So I wrote a small spreadsheet function to pull off the first 2 digits of the strings in the Latitude column, and the first 3 digits of the Longitude entries, and then use the rest of each string as the decimal part of the lat/long.  (That is, 1190983W would become -119.0983 )

But if you do that, then the coordinates don't actually point to the place they describe!  In other words, the entry for Horse Lake in Sierra county (393912N, 1203930W) would become 39.3912, -120.3930.  If you put that into Google Maps, it's about 59 miles south of the real Horse Lake in Sierra county.  

This puzzled me for a while until I had the bright idea of actually searching for the definition of the lat/long as defined by GNIS.  I did the query: 

     [ GNIS latitude longitude definition ] 

and found the page for "Geonames File Formats."  

I had committed a classic mistake:  I thought I knew what the format was.  And I based my analysis on what I thought.  And I was wrong.  This isn't the format of those numbers at all!
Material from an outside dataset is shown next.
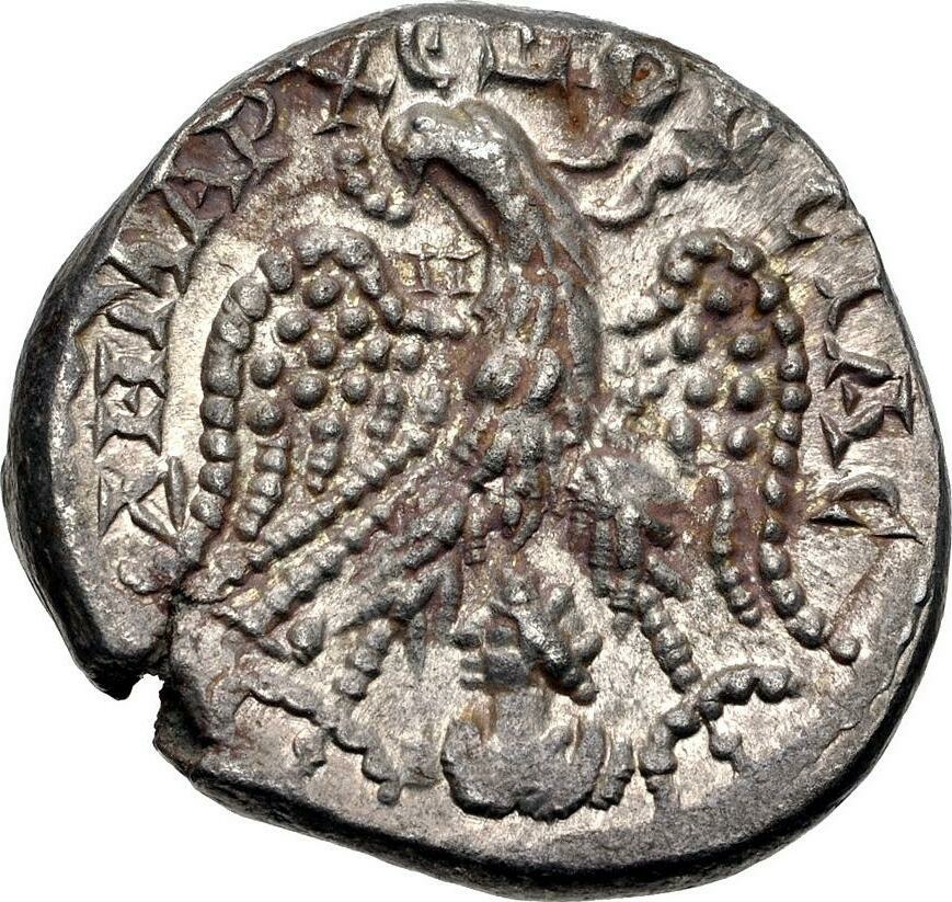 eagle standing facing, head left, wings spread, wreath in beak; between eagle's legs, radiate, draped and cuirassed bust of Shamash, left

On this page, it says that the lat/long when stored as a "primary latitude" (or longitude) is stored in the DDMMSS format.  (That is, the first two characters are the Degrees, the next two are the Minutes, the last two are the Seconds.)  

I'd assumed they were in decimal lat/long format, not degrees/minutes/seconds format!   

I went back to my spreadsheet and wrote a small converter function to go from degrees/minutes/seconds to decimal.  (It sounds hard, but it's not.  Just extract the minutes, convert to a number and divide by 60.  Same thing for the seconds, but divide by 3600.  Add it all up and you've got your decimal lat/long, suitable for Google Maps. For details, see CA Lakes with extracted lat/longs.  Look at columns K through R.  You can see how I pulled out the middle characters, converted them to numbers, divided by 60 (or 3600) and added them together to give the correct lat/long).  

Now I've got the correct lat/longs.  And when I plot the lakes with the name "Horse" in them, everything looks correct. 

Here's a My Map I made with the lakes that have "horse" in their name.  

So now we've corrected the lat/longs for all the lakes.  And this answers the first two questions: What are the lat/longs "wrong"?  And "Why are the Horseshoe Lakes in Fig 11 in the wrong places?"  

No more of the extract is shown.